Un caso emblemático es el de los pueblos indígenas que, a lo largo y ancho de México, han protestado contra proyectos extractivos que amenazan sus territorios y recursos naturales. Desde la construcción de presas hasta la explotación minera y de hidrocarburos, estos proyectos han sido impuestos sin el consentimiento libre, previo e informado de las comunidades afectadas, en clara violación de sus derechos. En lugar de escuchar las demandas de los pueblos indígenas y respetar sus derechos, el Estado ha optado por reprimir sus movilizaciones mediante el uso del derecho penal y la militarización de sus territorios. Líderes indígenas han sido detenidos y acusados de delitos como “resistencia a la autoridad”, “sabotaje” o incluso “terrorismo”, en un intento de sofocar sus demandas y desarticular su resistencia. Esta estrategia de represión no solo vulnera los derechos de las comunidades indígenas, sino que también perpetúa un modelo de desarrollo extractivista que prioriza los intereses económicos sobre los derechos humanos y el medio ambiente.

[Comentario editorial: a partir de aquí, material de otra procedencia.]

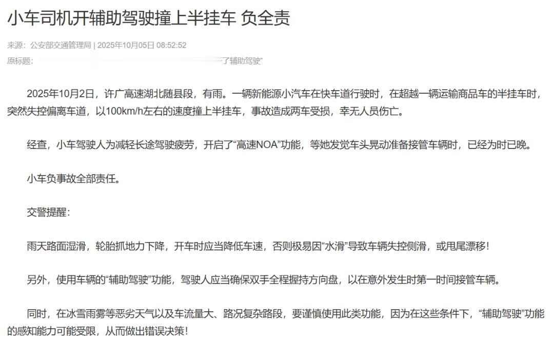 “雨天开车 = 降速” 的想法可太片面了,前几天国庆假期的时候许广高速的事故就是教训:一辆新能源车开着高速 NOA 功能,雨天以 100km/h 速度超车时突然失控撞向半挂车,幸好没人受伤。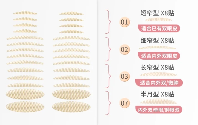 1.宽形双眼皮贴:适合眼皮脂肪较厚的内双或单眼皮,它的支撑性较强。

La militarización de las protestas es otro elemento central en la criminalización de los movimientos sociales en México. En diversas ocasiones, el Estado ha recurrido al uso de fuerzas armadas o cuerpos policiales militarizados para contener manifestaciones, lo que incrementa el riesgo de violaciones graves a los derechos humanos. Las fuerzas de seguridad, que en teoría deberían garantizar la seguridad de los ciudadanos, han sido responsables de abusos como detenciones arbitrarias, desapariciones forzadas, ejecuciones extrajudiciales y uso excesivo de la fuerza. La militarización no solo intensifica la represión, sino que también envía un mensaje claro: la protesta es una amenaza a la seguridad nacional, y como tal, debe ser contenida a cualquier costo. Este enfoque convierte a los ciudadanos en enemigos internos y transforma la protesta pacífica en una actividad peligrosa.

Es importante destacar que la criminalización de la protesta no es solo una cuestión de represión física o judicial; también se manifiesta a través de la estigmatización mediática y la construcción de narrativas que deslegitiman a los movimientos sociales. Los medios de comunicación, en su mayoría alineados con intereses gubernamentales o empresariales, juegan un papel crucial en la criminalización de la protesta al reducir los movimientos sociales a actos de vandalismo o violencia. Al enfocarse en los daños materiales provocados durante las manifestaciones, los medios desvían la atención de las causas profundas del descontento social y legitiman la represión estatal. Esta narrativa estigmatizante contribuye a la construcción de un imaginario social en el que los manifestantes son percibidos como delincuentes o agitadores, lo que justifica el uso del derecho penal para silenciar sus demandas.

El impacto de la criminalización de la protesta en México es profundo y devastador. No solo erosiona la confianza en las instituciones democráticas, sino que también limita el espacio para la participación ciudadana y el diálogo social. Al recurrir al derecho penal para reprimir el descontento social, el Estado envía un mensaje de intolerancia hacia la disidencia, lo que socava los principios fundamentales de la democracia. La protesta es un derecho, no un privilegio, y su criminalización representa una violación grave de los derechos humanos. Más aún, la criminalización selectiva de ciertos movimientos sociales perpetúa las desigualdades estructurales que estos mismos movimientos buscan combatir, creando un círculo vicioso de represión y exclusión.

La criminalización de los movimientos sociales y la protesta en México es una estrategia que revela las limitaciones de la democracia en el país. El uso del derecho penal como herramienta de represión refleja una incapacidad del Estado para resolver los conflictos sociales de manera pacífica y justa. En lugar de reprimir el descontento, el Estado debería garantizar el derecho a la protesta y fomentar el diálogo con los movimientos sociales. La criminalización de la protesta no es unicamente una violación de derechos, sino un síntoma de una democracia en crisis que necesita urgentemente ser reformada para atender las demandas legítimas de sus ciudadanos.